Whether or not the reason for the loss of the cargo is covered by the insurance?

Ruling:

No. What is covered here is "peril of the sea" and not "peril of the ship". Now, in order to make the insurer liable, it must
be "some casualty, something which could not be foreseen as one of the necessary incidents of the adventure.

It should be borne in mind that perils of the sea pertains only to fortuoitous events or accidents or casualties of the seas
and that it does not include natural and ordinary action of the sea that result in wear and tear. While perils of the ship
refers to loss which yields from ordinary course of events and from the natural and inevitable action of the sea.

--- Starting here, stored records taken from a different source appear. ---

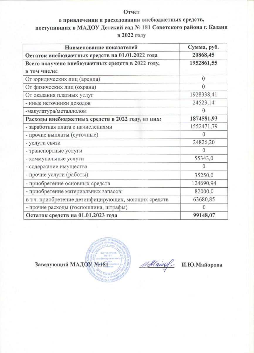 Отчет о привлечении и расходовании внебюджетных средств в 2022г.
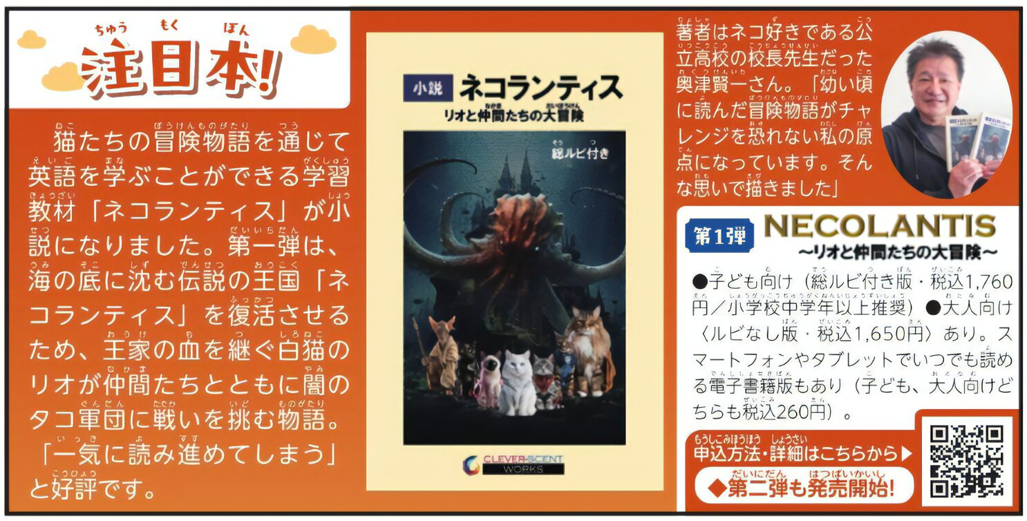 小説「ネコランティス リオと仲間たちの大冒険」が注目本としてこどもタウンニュース町田版に取り上げられました。
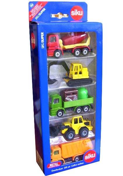 Zestaw 5 pojazdów specjalnych SIKU, w którego skład wchodzą: betoniarka, koparka, traktor z ładowarką, śmieciarka i ciężarówka. Doskonały pomysł na prezent dla dziecka lub uzupełnienie kolekcji modeli SIKU.
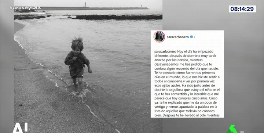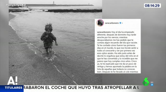 Sara Carboneroha compartido una imagen con un emotivo texto dedicado a su hijo Martín en su quinto cumpleaños.
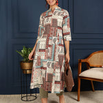 Flex Calf Length Printed A-Line 3/4 Sleeves Mandarin Coller Kurta
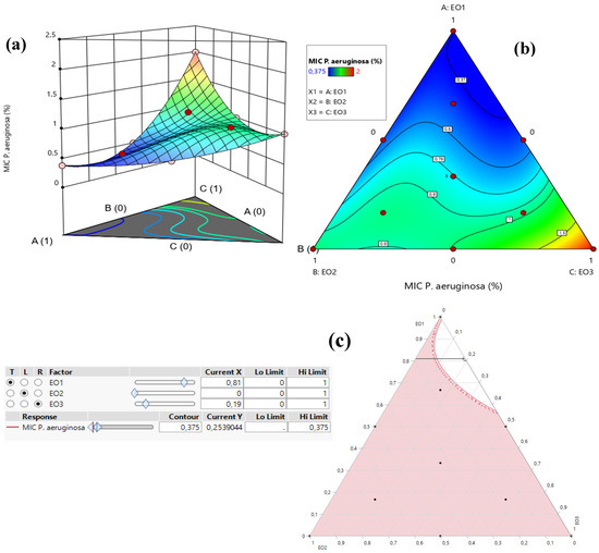 The optimal MIC value for P. aeruginosa was determined through an analysis of 2D and 3D mixture plots focused on the identified compromise region. Panels (a,b) depict 3D mixture plots, highlighting the desired compromise zone within the binary mixing area of T. satureioides and O. majorana. Panel (c) presents a 2D mixture plot that identifies the optimal compromise region, achieving the target MIC value of 0.25% against P. aeruginosa. This result was attained with a binary mixture comprising 81% T. satureioides and 19% O. majorana essential oils. EO1: T. satureioides EO; EO2: L. angustifolia EO; EO3: O. majorana EO.
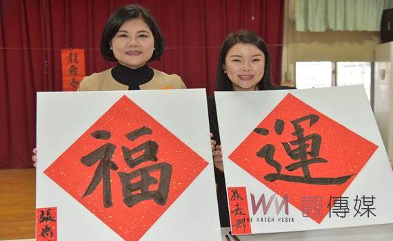 ▲現場揮毫,縣長張麗善祝賀縣民龍騰四海、福氣當前。
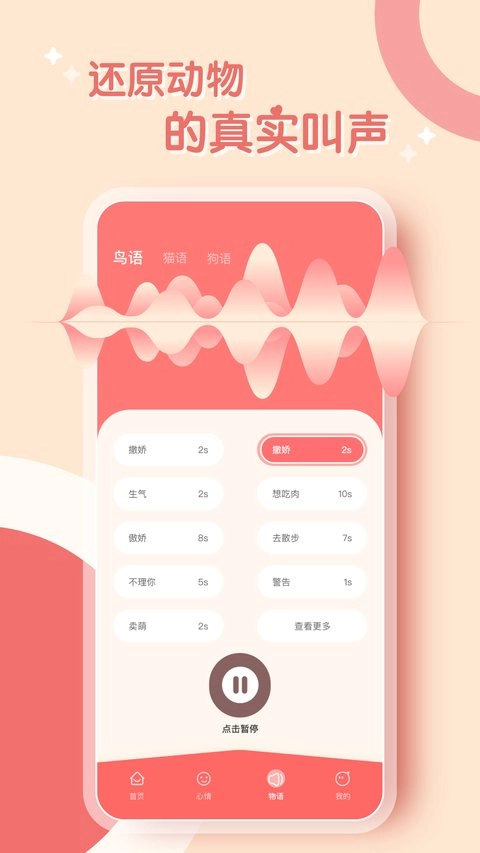 情感识别功能:借助声音的频率、音调等特性,来判断动物的情感状态,助力人们更深入地理解并满足动物的情绪需求。
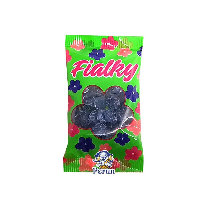 Bonbony Fialky: složení - cukr, škrobový sirup, aroma, barviva E120, E151 (čern. BN), regulátor kyselosti E 330, vyrobeno v EU, 80 g
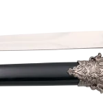 Daga 16643 Templarios, el pomo, la guarda y la empuñadura son de color niquel con dibujos. El tamaño total es de 35cm con la hoja de acero. La vaina es de color negro con acabados en color niquel. Ref. 16443
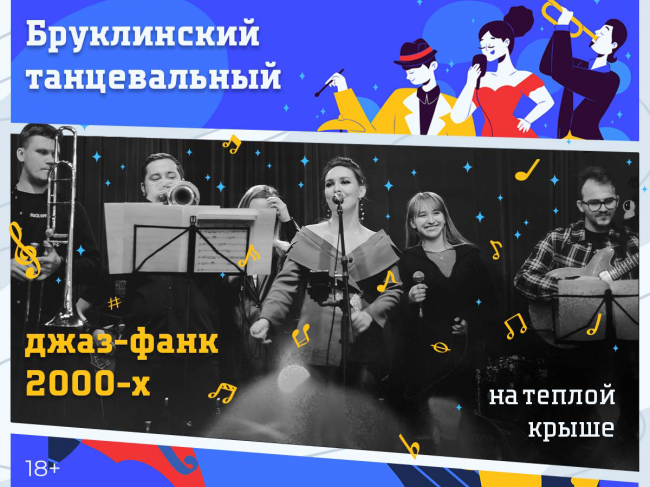 Бруклинский танцевальный джаз-фанк 90–00-х на теплой крыше в центре Москвы 2022На уютной тёплой крытой крыше с верандой на Кутузовском проспекте вас ждет расслабляющая атмосфера, апероль или согревающий чай и незабываемый осенний джазовый концерт! Крыша спасает от дождя и открывает потрясающий вид на центр Москвы.
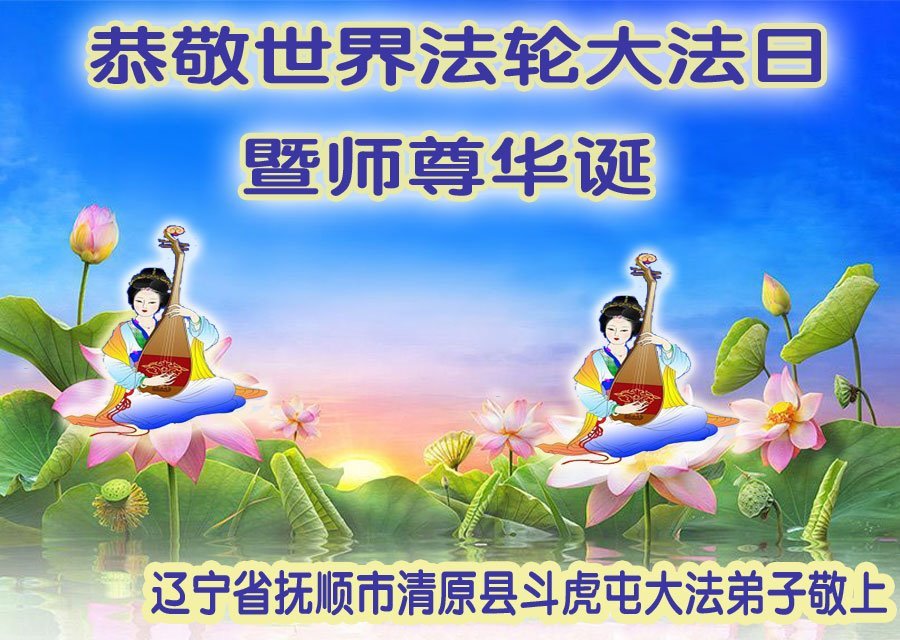 恭贺世界法轮大法日! 恭祝师尊生日快乐! 辽宁抚顺市一大法弟子敬上 辽宁省抚顺市清原县斗虎屯大法弟子敬贺世界法轮大法日暨师尊华诞!

And under
the policy of insurance, the insurer undertakes to insure against perils of the sea and similar perils, not against perils of the
ship.

In the case at bar, the entrance of the sea water into the ship's hold through the defective pipe already described was not
due to any accident which happened during the voyage, but to the failure of the ship's owner properly to repair a defect of
the existence of which he was apprised. The loss was therefore more analogous to that which directly results from simple
unseaworthiness than to that which results from perils of the sea. As applied to the present case it results that the owners
of the damages rice must look to the shipowner for redress and not to the insurer.